ITEM 5.03. Amendments to Articles of Incorporation or Bylaws; Change in Fiscal Year.
On March 4, 2009, the Board of Directors of Harris Preferred Capital Corporation (the
Company) approved an amendment to the Articles of Incorporation of the Company to increase the
number of authorized shares of common stock from 1,000 shares to 5,000 shares. On March 4, 2009,
the Company filed an amendment to the articles with the State of Maryland.
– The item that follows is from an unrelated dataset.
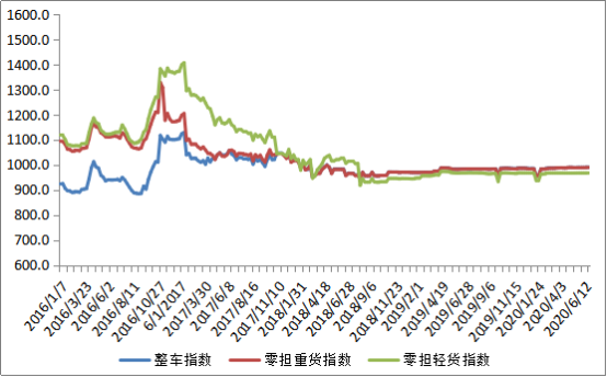 分車型看,各車型指數環比漲跌互現。其中,整車指數為(wei) 990.25點,比上周回落0.05%;零擔輕貨指數為(wei) 968點,比上周回升0.01;零擔重貨指數為(wei) 989.84點,比上周回落0.05%。

The Company received
notice of the acceptance of the amendment by the State of Maryland on
March 5, 2009. A copy of the
Articles of Incorporation, as amended, is included as Exhibit 3.1 to this Current Report on Form
8-K.
On March 5, 2009, the Company entered into a contribution agreement with Harris Capital
Holdings, Inc. (HCH), a wholly owned subsidiary of Harris N.A. and parent to the Company,
pursuant to which the Company agreed to issue and sell 180 shares of common stock to HCH for a
purchase price of $444,444.44 per share, or $80,000,000 in cash. HCH acquired the shares on
March 5, 2009 and continues to own 100% of the shares of the Companys common stock. The shares
were sold without registration under the Securities Act of 1933, as amended (the Securities Act),
in reliance on the exemption from such registration requirements provided by Section 4(2) of the
Securities Act for transactions not involving a public offering. The Company intends to utilize
proceeds from the common stock issuance for general corporate purposes and to acquire assets in a
manner consistent with Company investment guidelines.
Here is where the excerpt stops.